Zoning administrator Susan Tymoczko said the board typically approves use changes when there is no opposition, when neighborhood representatives support them and when the new use is “no more intensive than previously,” such as hours of operation and number of employees.

Matthew Galluzzo, executive director of the Lawrenceville Corp., said his organization believes the use is compatible.

Mr. Devine opened Zombo Gallery in 2007.

“For the first few years,” he said, “it was always really crowded.” Over time, “it was the same people there for free food and drink. It kind of got old. And a pretty decent amount of artists didn’t promote the events, so I felt frustrated.”

An Ohio native who met his wife here in the early 2000s, he said he followed her to jobs in several cities before they returned in 2005. She is an occupational therapist and both are licensed massage therapists.

“This city gets in your blood,” he said. “I call it the city where you can afford your dreams.”
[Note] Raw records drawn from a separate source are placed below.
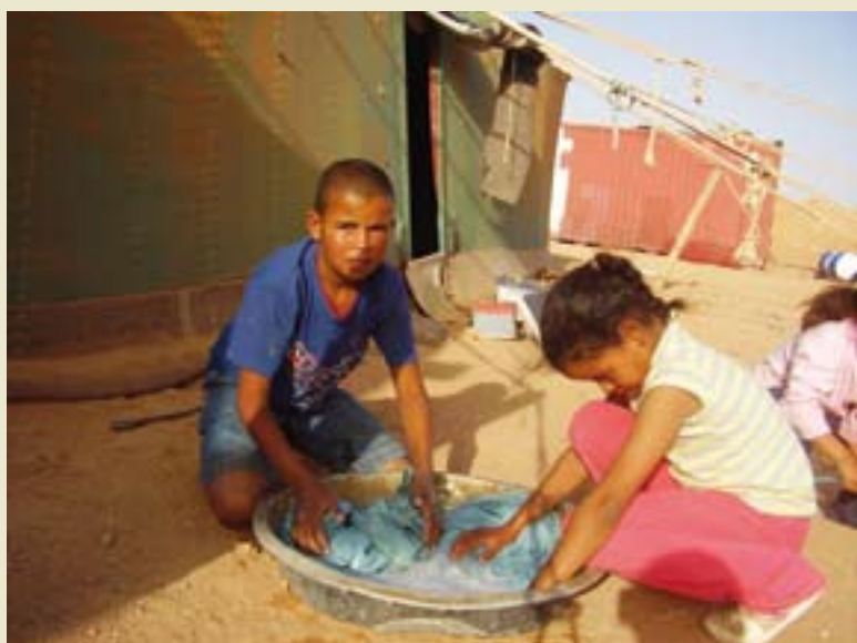
▶ Naza eta bere neba etxeko lanak egiten, arropa garbitzen, hain zuzen.
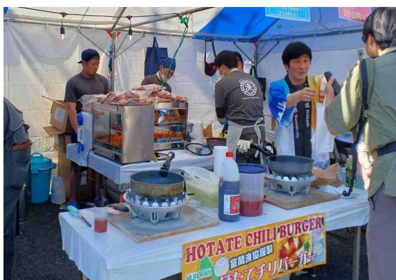
協議会メンバーによる販売風景

この取組は、地域で協力して開発した商品を通じて、地元産水産物の消費促進や知名度の向上を図った事例で、他地域の模範となる取組であると評価され、優良賞に選定されました。
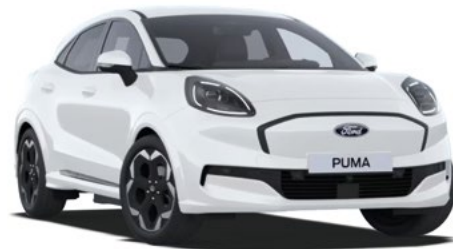
FROZEN WHITE - lakier zwykły 1 000 zł Lakier niedostępny dla wersji BlueCruise

Mr. Devine is known throughout Lawrenceville for the black tattoo over his skull that looks like a buzz cut and for taking part in its social and cultural events such as Art All Night and the Accordion Pool Party. He also has a T-shirt printing business, a disc jockey service and is host of “Zombo’s Record Party” every Friday on WRCT-88.3 FM.

“I do a bunch of things to keep from getting bored with anything,” he said. “But with Christine, I’m proppin’ my feet up and saying to her, ‘Whatever you want to do, make this your home.’ Whatever works for her works for me.”